Additional work from the WARMTH registry. Again, Hojjat Ahmadzadehfar published separately, demonstrating, again, small numbers, 77 patients, but one can see, regardless really of the number of bone lesions, a survival benefit in patients who received combination therapy, sequential combination therapy. And even within the REASSURE, this also suggests that retreatment or treatment after radium with lutetium is safe and has a survival benefit.

This is important to notice that there are really differences right now, and so it's not about binary, pick one versus the other, it's that you just need to be aware when you're creating your RLT program. The imaging for a radium, as I mentioned earlier, is conventional versus the PSMA gallium PET. That may change over time to other PSMA PETs, whether it's 18 FPyL or rhPSMA or a copper assay, but nonetheless, pre-medication is not required with radium. It is with lutetium 617. There are limitations in terms of precautions and handling that are very, very different between these two agents. More complicated with lutetium 617. The infusion time and the throughput in your clinic clearly would favor the use of a one minute infusion with no premedication, no post-medication, no need for hydration or intravenous saline.

Then the precautions are actually quite significant. In certain countries, this is only administered in inpatient modality. And then there are clearly travel restrictions, as well as handling restrictions and even going home and being with family and caregivers.

I won't go through all of the details here, but if you're going to champion a radioligand therapy program, you'll need someone to really take charge of this. You can go through the lists that I've enumerated here, from planning to implementation to the operationalization. It is not straightforward. It is clearly doable, but nonetheless, it will require energy and it will require a team. Just to note, that in the NCCN guidelines for 2022, radium is level one, category one evidence pre and post chemotherapy in the mCRPC population.

Here's a proposed sequence of radium-223 and prostate cancer. It's a program that I actually had the privilege of working with Nick James on. You can read through this and you can see where you might want to consider, based upon your imaging biomarker, based upon prior therapies, where you would consider the role for each. And we can certainly debate that with the questions that are coming up.

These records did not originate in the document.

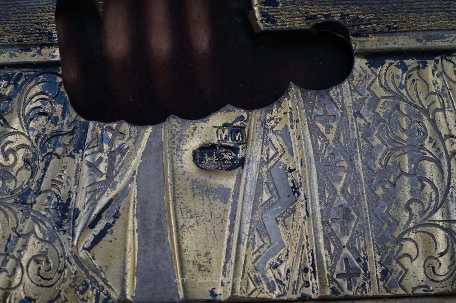 Москва, Алексей Маклаков, 1890 год. Русская православная икона Христа Вседержителя, украшенная серебряной ризой с позолотой, выполненной в технике чеканки и репуассе. Маркировка: 84 стандарт серебра, городская марка Москвы, марка мастера "АММ" для Алексея Маклакова.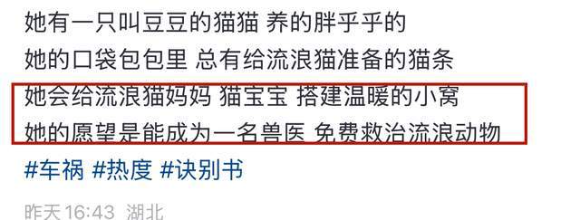 付雪飞闺蜜透露,她外出的时候总会在口袋里放猫条,目的则是喂流浪猫,除此之外,她还会免费给流浪猫搭建温暖的小窝,愿望也是成为一名兽医。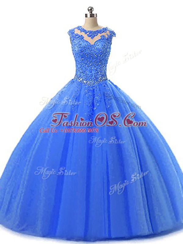 Home >  Quinceanera Dresses >  Fast Delivery Quinceanera Dresses > Floor Length Lace Up Quinceanera Dresses Blue for Military Ball and Sweet 16 and Quinceanera with Beading and Lace
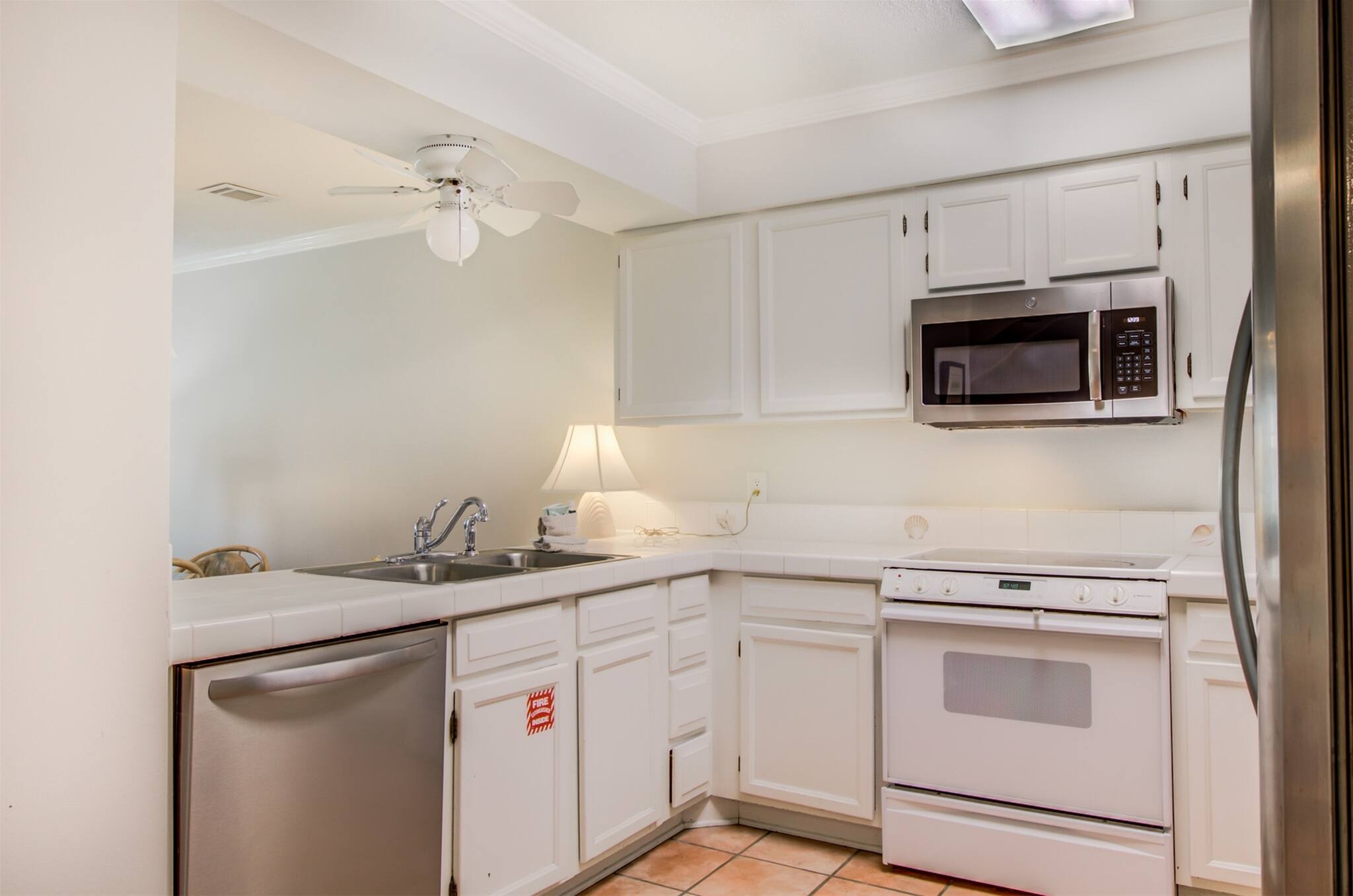 Let the tropical hues lure you into Seacove’s 4A, a lovely three-bedroom vacation townhome in Destin, FL. The two-story unit has two master bedrooms, One with a King-sized bed , Second Master Queen Bed, a guest room with bunk beds, and a Queen-sized sleeper sofa in the living room. Each room has an HDTV and there’s a private balcony off of one of the master bedrooms and overlooks the pool and courtyard. A secondary patio also overlooks the pool and both balconies are furnished. The unit has two and half baths and accommodates up to eight guests. This unit is located in the center of the property and has the most direct path to the pool and beach! When you’re spending time in the vacation condo, make good use of the fully-equipped kitchen that has a refrigerator, dishwasher, microwave, and stove and a dining table and extra barstools for meal time. Complimentary secure Wi-Fi is offered throughout the townhome and the main bedrooms have TVs and there’s an HDTV and DVD player in the main room. For your convenience, the unit has its own private washer and dryer. Your stay includes two dedicated parking spaces in front of your unit with access to a nearby overflow lot and the use of all of our on-property amenities like the salt water pool, private and gated beach access, BBQ grilling stations, and safe play areas for kids and adults. Reserve 4A for your Destin vacation!

I think the recommendations, and I'm almost done, the penultimate mCRPC goals to administer as many novel life-prolonging therapies as possible. These are just some of the trials that are out there. I'll move faster here, too. PEACE III is very, very important and coming up. Here is the radium-223 studies combination with docetaxel. We are actually starting the PEACE III, I mentioned. Care is an mCSPC trial. We're about to launch a phase III study, an ARPI for mCSPC with or without radium.

In summary, I commented on what's new in the last 2 years, what's the evidence, what are the gray zones, the trials that are addressing these open issues. This is still a limited list here. Most importantly, how are you treating your patients in this situation? Well, for me, my mantra, my go-to is clinical trials as a standard of care, which ASCO endorses. And now I would say radium-223 is more readily accessible administratively, economically, with better tolerability, and generally does not preclude taxane chemotherapies lutetium. Thank you very much.